## TASK PROMPT
Copy each line of the records exactly, stopping only after the line that contains "校长王永生就宣城市期末调研测" has been written, and leave pictures out.

## TASK INPUT
______
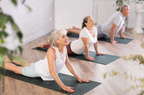 Mature women of different year practice yoga and Pilates in virabhadrasana pose in the gym
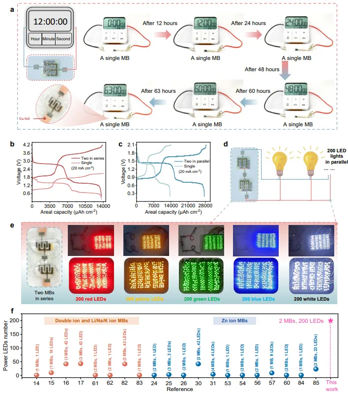 图6:微电池的实际应用演示。(a)单电池驱动计时器持续工作3780分钟(超2.5天);(b-c)两电池串联电压达~3V,并联容量翻倍;(d-f)两串联电池可驱动200个红/黄/绿/蓝/白LED,数量超越所有报道微电池系统;(g)柔性电池阵列弯曲状态下稳定供电。
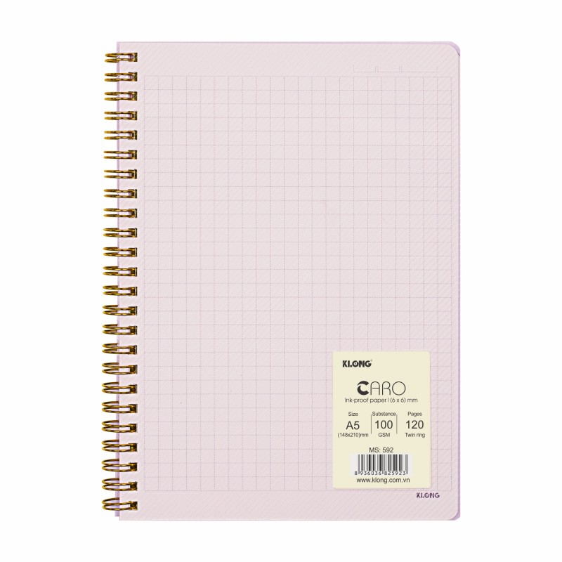 Sổ Dash Caro (6x6)mm lò xo kép bìa nhựa 2 mặt khổ A5 Klong 120 trang 592 - Định lượng 100gsm
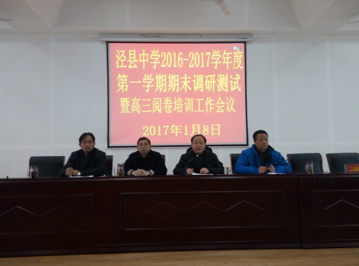 校长王永生就宣城市期末调研测试相关工作,要求全体监考和工作人员要服从安排,明确任务,按时到岗,严格要求;全体巡查领导要严格履职,加大巡查力度,严肃工作纪律;要求各处室各部门要做好技术及后勤保障工作,统筹协调好各项工作,保质保量、按时按量完成各项任务。就全市高三试卷阅卷工作,王校长要求全体人员要思想上高度重视,认真对待,维护好泾中形象;统一调配,顾全大局,服从安排;明确任务,合理分工,各司其职;认真阅卷,确保质量,高质高量完成阅卷任务。
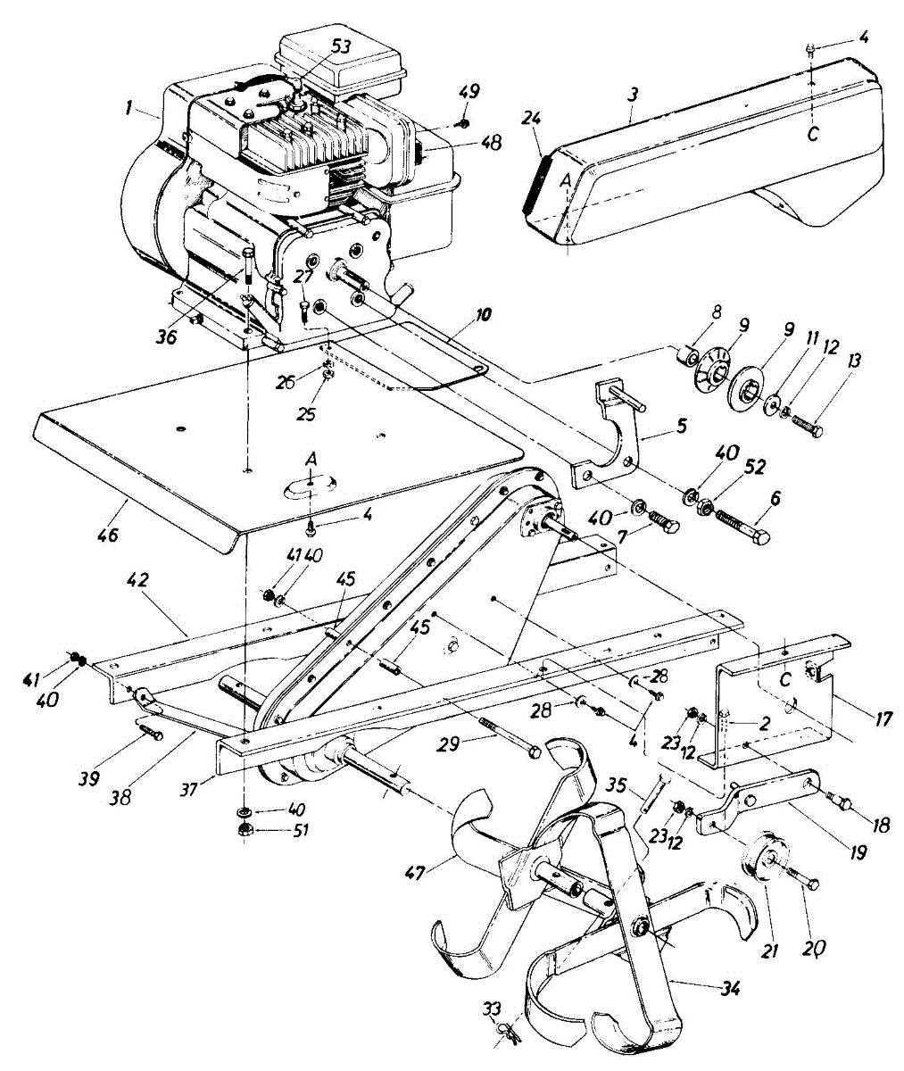Hex screw fastener for securing lawn mower components. Replace if stripped, rusted, or missing to ensure proper assembly and equipment stability.
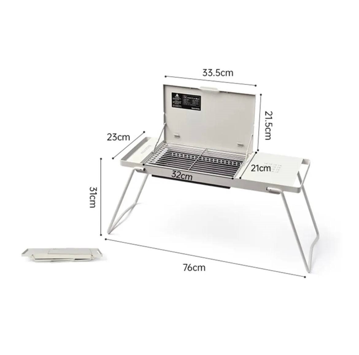 - ابعاد باز و سوخت محصول: در حالت باز، این اجاق دارای ابعاد 76 × 25.5 × 52.5 سانتیمتر است که سطح مناسبی برای پخت انواع غذاها با زغال فراهم میآورد. نوع سوخت این اجاق زغال چوب است که باعث میشود عطر و طعم بینظیری به غذاها بدهد. طعمی که فقط در آشپزی سنتی و طبیعی با زغال میتوان تجربه کرد.
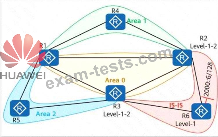 On the network shown in the figure, IS-IS IPv6 runs on R2, R6, and R3, and the IPv6 address of Loopback0 on R6 is 2000::6/128. OSPFv3 runs on other links. Area 1 is a stub area, and Area 2 is an NSSA. IS-IS routes are imported to OSPFv3 on R2 and R3. Which of the following statements are true?
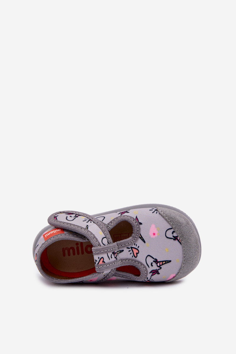Slippers Milami Kinderen Elastyczne met zelfklevende bevestigingsmiddelen Eenhoornsc grijs Ambette
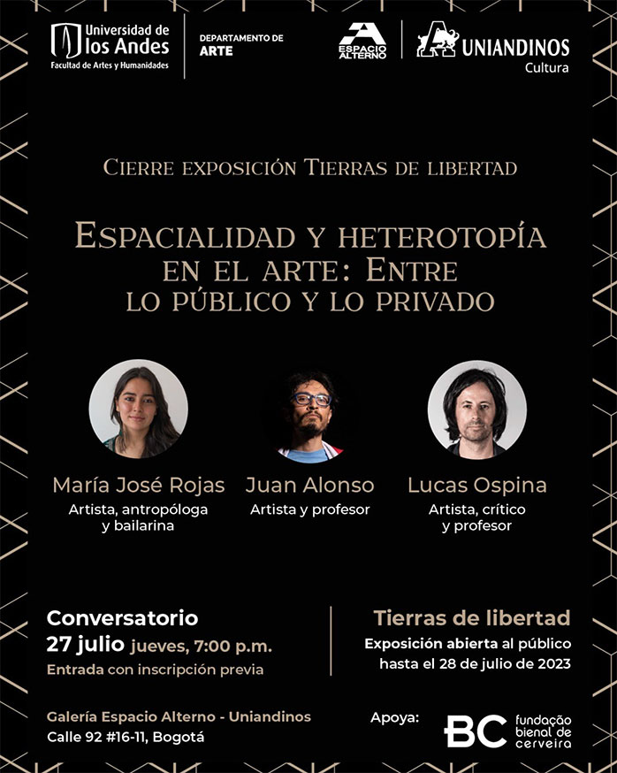 On Thursday, July 27 at 7pm invited to the talk "Spatiality and heterotropy in the are: between the public and the private" with María José Rojas and Lucas Ospina in Uniandinos, as part of my exhibition LANDS OF FREEDOM at the Espacio Alterno Gallery.
______
## SOLUTION TO THIS EXERCISE
 Mature women of different year practice yoga and Pilates in virabhadrasana pose in the gym
 图6:微电池的实际应用演示。(a)单电池驱动计时器持续工作3780分钟(超2.5天);(b-c)两电池串联电压达~3V,并联容量翻倍;(d-f)两串联电池可驱动200个红/黄/绿/蓝/白LED,数量超越所有报道微电池系统;(g)柔性电池阵列弯曲状态下稳定供电。
 Sổ Dash Caro (6x6)mm lò xo kép bìa nhựa 2 mặt khổ A5 Klong 120 trang 592 - Định lượng 100gsm
 校长王永生就宣城市期末调研测试相关工作,要求全体监考和工作人员要服从安排,明确任务,按时到岗,严格要求;全体巡查领导要严格履职,加大巡查力度,严肃工作纪律;要求各处室各部门要做好技术及后勤保障工作,统筹协调好各项工作,保质保量、按时按量完成各项任务。就全市高三试卷阅卷工作,王校长要求全体人员要思想上高度重视,认真对待,维护好泾中形象;统一调配,顾全大局,服从安排;明确任务,合理分工,各司其职;认真阅卷,确保质量,高质高量完成阅卷任务。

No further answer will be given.